10

I've run into a rather bizarre thing happening, I have a DataGrid defined in a WPF XMAL page that has the following declared:

<DataGrid.Resources>
    <SolidColorBrush x:Key="{x:Static SystemColors.HighlightBrushKey}" Color="#FF3399FF" />
    <SolidColorBrush x:Key="{x:Static SystemColors.HighlightTextBrushKey}" Color="White" />
    <SolidColorBrush x:Key="{x:Static SystemColors.InactiveSelectionHighlightBrushKey}" Color="#FF3399FF"/>
    <SolidColorBrush x:Key="{x:Static SystemColors.InactiveSelectionHighlightTextBrushKey}" Color="White" />
</DataGrid.Resources>

Technically the two Inactive SystemColors types are from .net 4.5, however I can compile the program when it's set to target .net 4, and these Inactive brushes work, but while it's set to target .net 4 loading the XMAL designer page in Visual Studio throws the error The member "InactiveSelectionHighlightTextBrushKey" is not recognized or is not accessible. and then blocks the designer view. But it still compiles and displays as defined above in the program.

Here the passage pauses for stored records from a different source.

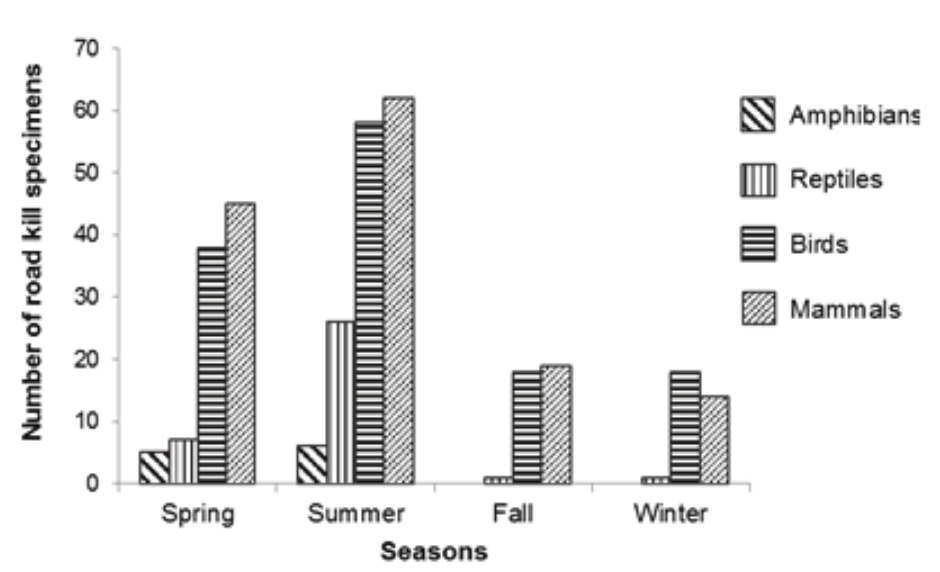 The seasonal comparison of road kill abundance revealed statistically significant differences in the number of dead individuals. Summer and spring months presented a greater number of carcasses, respectively. Months with milder temperatures (fall and winter) showed about 71% less road kills than warmer months. Accordingly, to Cerqueira (2005), climate variation influences primary productivity and consequently resource availability in the food chain. This increase in biomass raises individual abundance and therefore the risk of collisions during months with plentiful resources (summer and spring), when compared to months of restricted food intake (winter and fall). Vehicle flow also becomes more intense in the summer (Camargo et al., 2011), making collision risk even higher in this season.
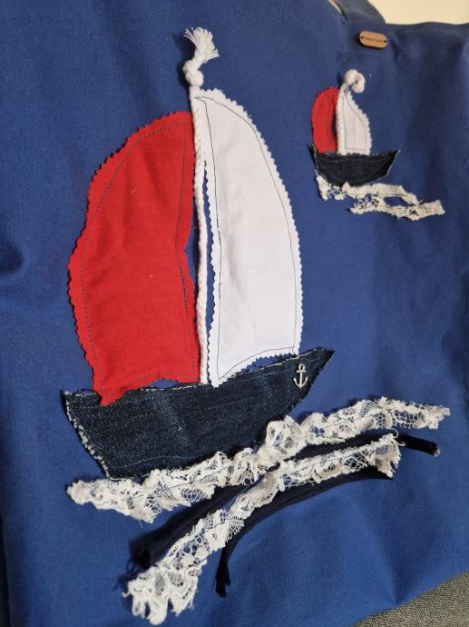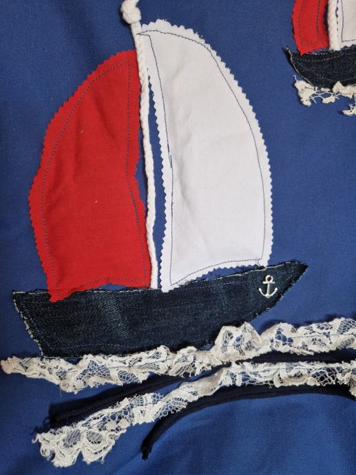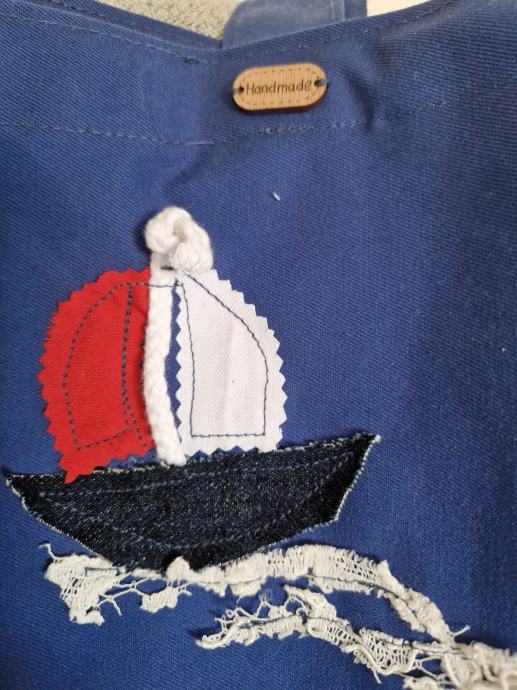 Prodajem mirisni širi u kraljevsko plavoj boji s ručno rađenim aplikacijama s nautičkim motivima. Na prednjoj strani nalaze se dvije jedrilice izrađene od različitih materijala, uključujući traper i čipku, u kombinaciji crvene, bijele i tamnoplave boje, s motivom sidra. Torba je prostrana, s dugim ručkama pogodnim za nošenje preko ramena. Stanje je novo bez etikete.
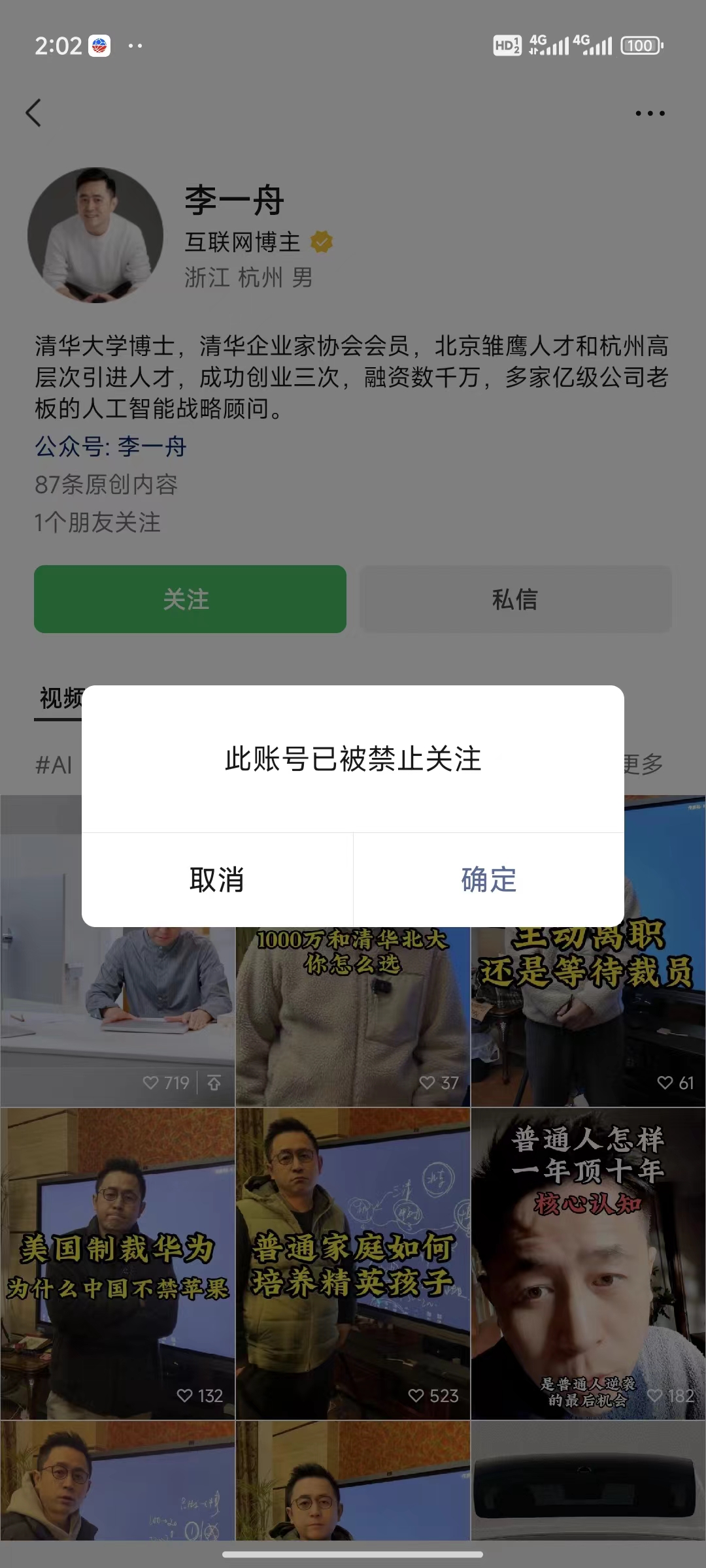 记者还发现,李一舟的个人视频号现已被禁止关注。不过,其官方视频号“李一舟AI”仍然可以关注。

This seems very inconsistent to say the least and I can’t tell if this is a Visual Studio 2012 issue or if it’s allowing the program to compile because my development computer has .net 4.5 installed and it’s just changing the target framework when it sees that something is using it (I highly doubt this though). Or is it possible that the Inactive types are in .net 4 but not listed as supported in the documentation and just causing this issue in VS?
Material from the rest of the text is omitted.